» **Task instructions**
Below, some lines carry pictures; leave those pictures out and retype exactly the lines from the one with "(左起)寧夏消防救援總隊(d" through the one with "This image features".

═════ Input data

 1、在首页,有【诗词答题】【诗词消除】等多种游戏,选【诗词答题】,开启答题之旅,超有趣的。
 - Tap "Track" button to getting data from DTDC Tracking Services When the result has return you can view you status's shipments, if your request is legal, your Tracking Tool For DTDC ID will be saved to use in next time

══════════
═════ Input data

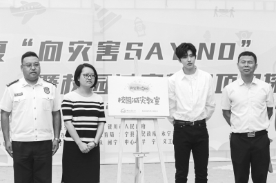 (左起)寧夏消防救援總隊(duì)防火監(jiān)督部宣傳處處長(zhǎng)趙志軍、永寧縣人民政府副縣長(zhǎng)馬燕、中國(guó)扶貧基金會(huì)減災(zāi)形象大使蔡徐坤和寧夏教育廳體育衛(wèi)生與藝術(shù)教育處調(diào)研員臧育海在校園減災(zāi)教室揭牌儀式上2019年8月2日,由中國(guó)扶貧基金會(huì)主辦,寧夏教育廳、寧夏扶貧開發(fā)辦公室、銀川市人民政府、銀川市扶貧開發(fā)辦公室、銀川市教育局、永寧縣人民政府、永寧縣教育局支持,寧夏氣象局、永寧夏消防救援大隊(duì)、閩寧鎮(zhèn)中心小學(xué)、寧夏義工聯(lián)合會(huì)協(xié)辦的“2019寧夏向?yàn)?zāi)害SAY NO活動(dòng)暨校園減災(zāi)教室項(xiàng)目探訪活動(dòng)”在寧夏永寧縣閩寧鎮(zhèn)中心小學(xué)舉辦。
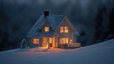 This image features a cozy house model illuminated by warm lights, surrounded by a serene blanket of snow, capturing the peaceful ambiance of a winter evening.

══════════

» **Solution to this exercise**
 (左起)寧夏消防救援總隊(duì)防火監(jiān)督部宣傳處處長(zhǎng)趙志軍、永寧縣人民政府副縣長(zhǎng)馬燕、中國(guó)扶貧基金會(huì)減災(zāi)形象大使蔡徐坤和寧夏教育廳體育衛(wèi)生與藝術(shù)教育處調(diào)研員臧育海在校園減災(zāi)教室揭牌儀式上2019年8月2日,由中國(guó)扶貧基金會(huì)主辦,寧夏教育廳、寧夏扶貧開發(fā)辦公室、銀川市人民政府、銀川市扶貧開發(fā)辦公室、銀川市教育局、永寧縣人民政府、永寧縣教育局支持,寧夏氣象局、永寧夏消防救援大隊(duì)、閩寧鎮(zhèn)中心小學(xué)、寧夏義工聯(lián)合會(huì)協(xié)辦的“2019寧夏向?yàn)?zāi)害SAY NO活動(dòng)暨校園減災(zāi)教室項(xiàng)目探訪活動(dòng)”在寧夏永寧縣閩寧鎮(zhèn)中心小學(xué)舉辦。
 This image features a cozy house model illuminated by warm lights, surrounded by a serene blanket of snow, capturing the peaceful ambiance of a winter evening.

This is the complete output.